Теперь смотрите. Она вот в этой долинке. Э? Были там? Еще лучше! Я этих
мест не знаю. С юга ставим плотину, образуется водохранилище. Эджстоу
понадобится вода - как-никак, он станет второй столицей.
- А что же с деревушкой?
- Полный порядок. Строим новую, современную, за четыре мили. Назовем
ее Уизер Харди. Вот тут, у железной дороги.
- Видите ли, начнется большой шум. Эту деревню все знают. Пейзаж,
старинные дома, богадельня ХVI века, норманская церковь...
- Вот именно. Тут-то мы с вами и нужны. Составим отчетик. Завтра
съездим, поглядим, но писать можно и сейчас, дело известное. Если там
пейзаж и старина, значит - условия антисанитарные. Подчеркнем. Потом -
население... Как пить дать, там живут самые отсталые слои - мелкие рантье
и сельскохозяйственные рабочие.
- Да, рантье - вредный элемент, - согласился Марк. - А вот насчет
сельскохозяйственных рабочих можно и поспорить.
- Институт их не одобряет. В планируемом обществе они - большая
обуза. Кроме того, они отсталы.
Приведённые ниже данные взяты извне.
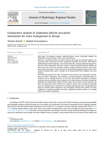 Zobeidi, T. & Komendantova, N. (2025). Comparative analysis of adaptation policies and policy instruments for water management in Europe. Journal of Hydrology: Regional Studies 62 e102819. 10.1016/j.ejrh.2025.102819.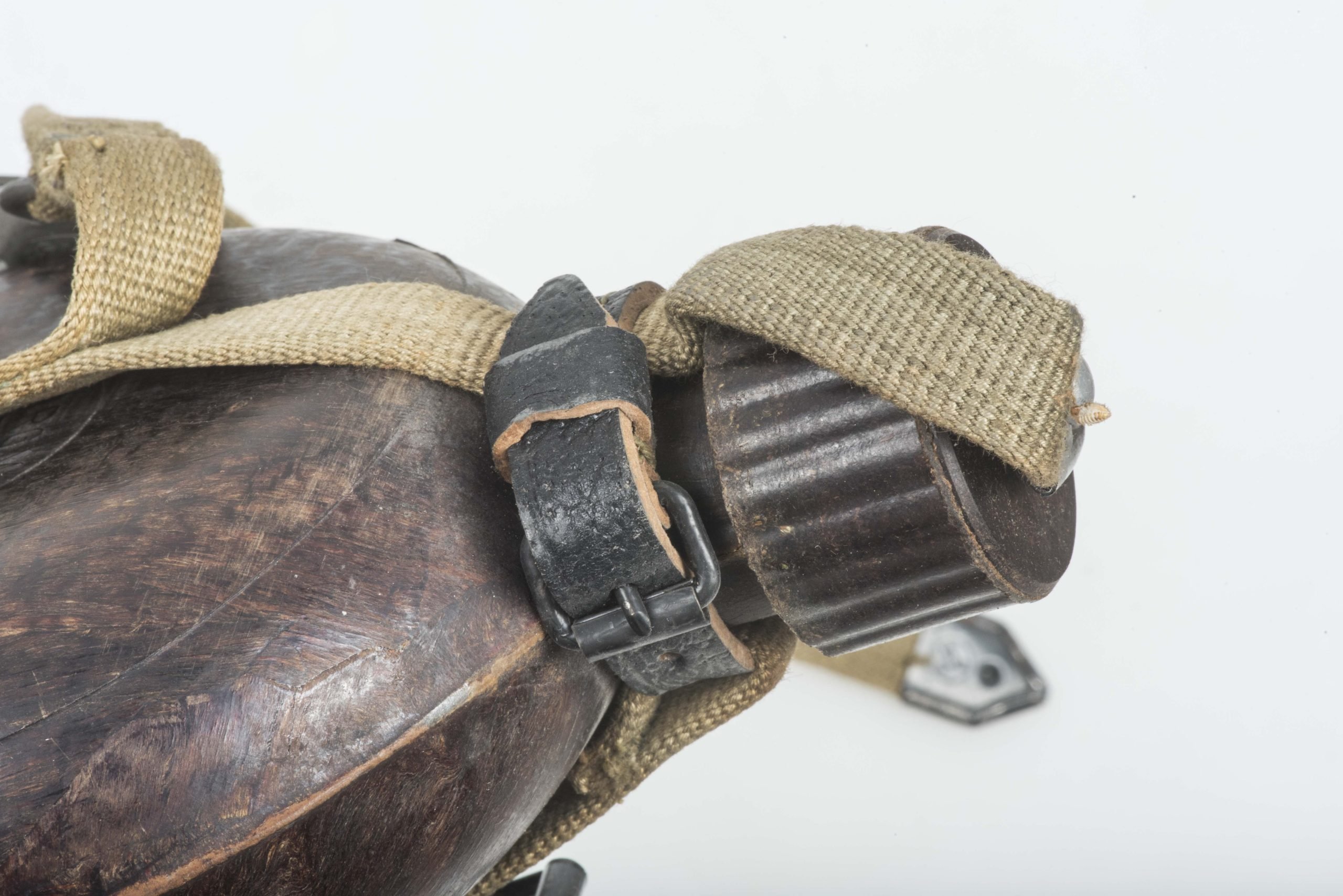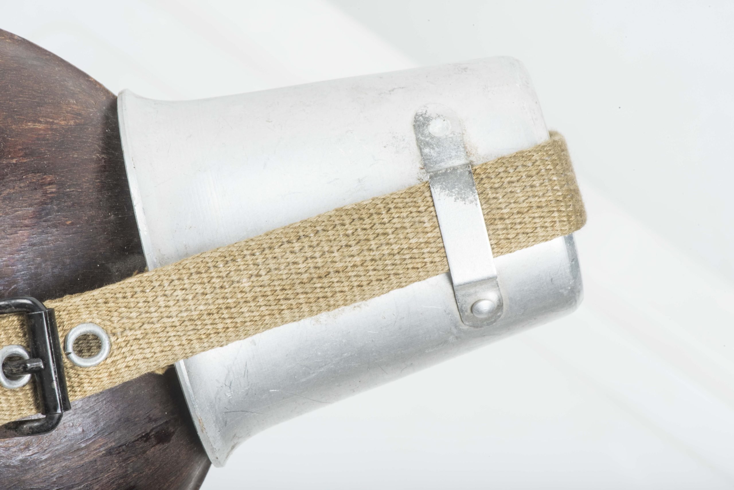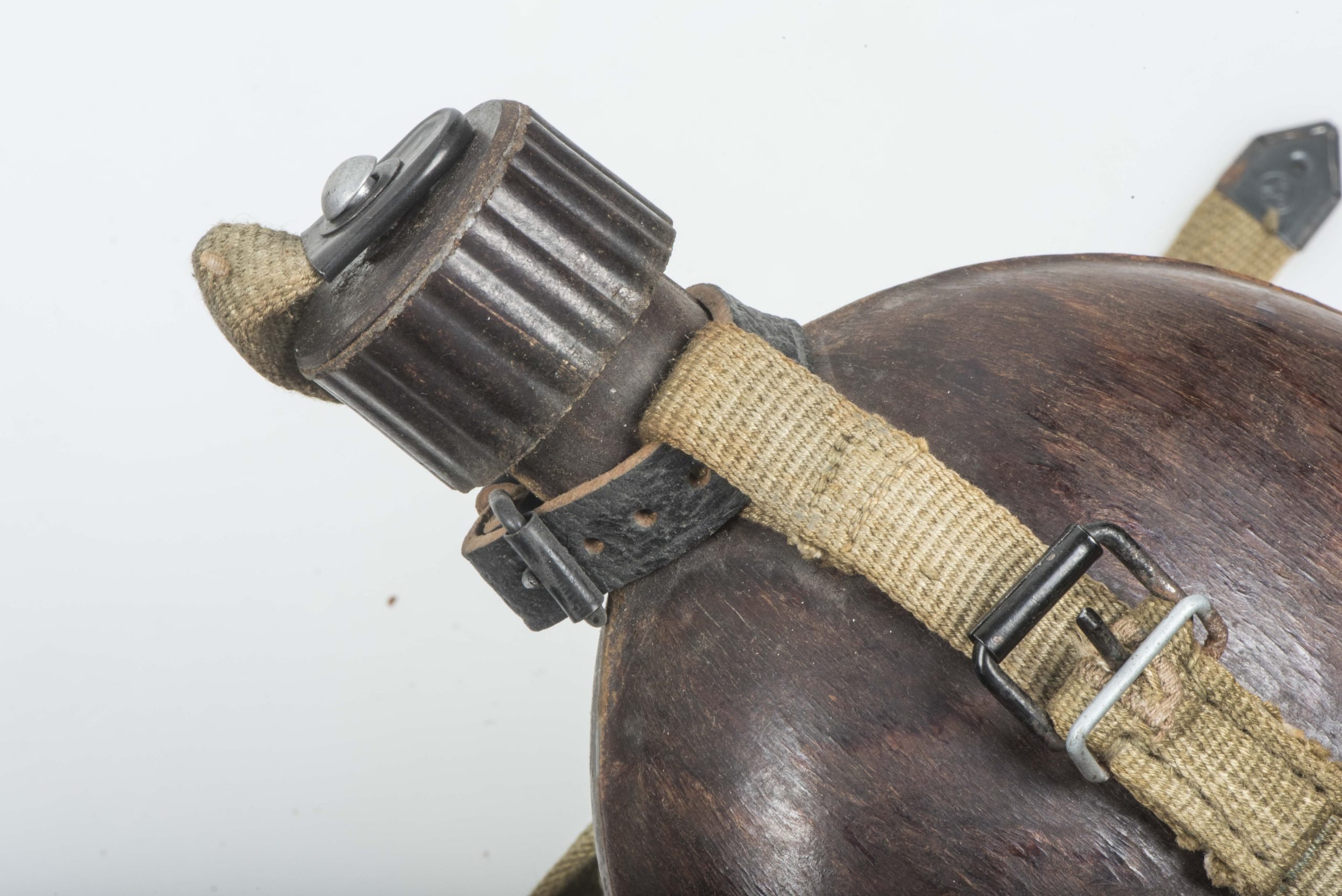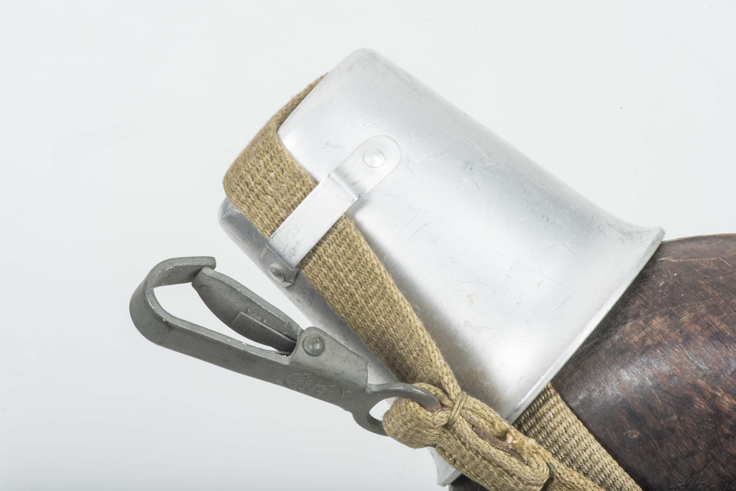 Late war coconut canteen marked HRE 43 with unpainted aluminium cup

В общем, наше дело маленькое - установить
факты.
Марк немного помолчал.
- Это нетрудно, - сказал он наконец. - Но я бы хотел сперва
разобраться в МОЕМ положении. Может, мне зайти к Стилу? Нельзя же без его
ведома начинать работу в его отделе.
- Я бы не шел, - проронил Коссер.
- Почему?
- Ну, во-первых, Стил ничего вам не сделает, если вас поддерживает
ИО. Вообще, лучше к нему не лезть. Работайте себе потихоньку, и он к вам
привыкнет. И еще... - Коссер тоже помолчал. - Между нами, в этом отделе
скоро многое изменится.
Марк прошел в Брэктоне хорошую тренировку и понял сразу, что Коссер
надеется выжить своего начальника. Значит, лучше к Стилу не лезть, пока он
тут, но скоро его не будет...
- Вчера мне показалось, - заметил Марк, - что вы с ним вполне ладите.
- У нас хорошо то, - сказал Коссер, - что никто ни с кем не ссорится.
Я лично ссор не люблю. Я с кем хочешь полажу, только бы дело делалось.
- Конечно, - согласился Марк. - Кстати, если мы поедем туда завтра, я
бы заглянул в город, чтобы переночевать дома.
Марк очень многого ждал от ответа. Если бы Коссер сказал:
"Пожалуйста", он хотя бы понял, что тот - его начальник. Если бы тот
возразил, это было бы еще лучше. Наконец, Коссер мог сказать, что спросит
Уизера. Но он только протянул: "Да-а?", - предоставив Марку гадать, нужны
вообще ли здесь какие-либо разрешения, или просто он еще не работает в
институте. Потом они принялись за отчет.
Трудились они до вечера, в столовую спустились поздно, и Марку это
очень понравилось. Понравилась ему и еда. Людей он не знал, но минут через
пять уже запросто со всеми беседовал, стараясь попадать им в тон.
"Какая же тут красота!" - подумал он наутро, когда машина, свернув с
шоссе, стала спускаться в долину. Быть может, утренний зимний свет так
поразил его потому, что его не учили им восхищаться. Казалось, что и небо,
и землю только что умыли. Бурые поля напоминали какую-то вкусную еду,
старая трава прилегала к склонам плотно, как волоски к конскому крупу.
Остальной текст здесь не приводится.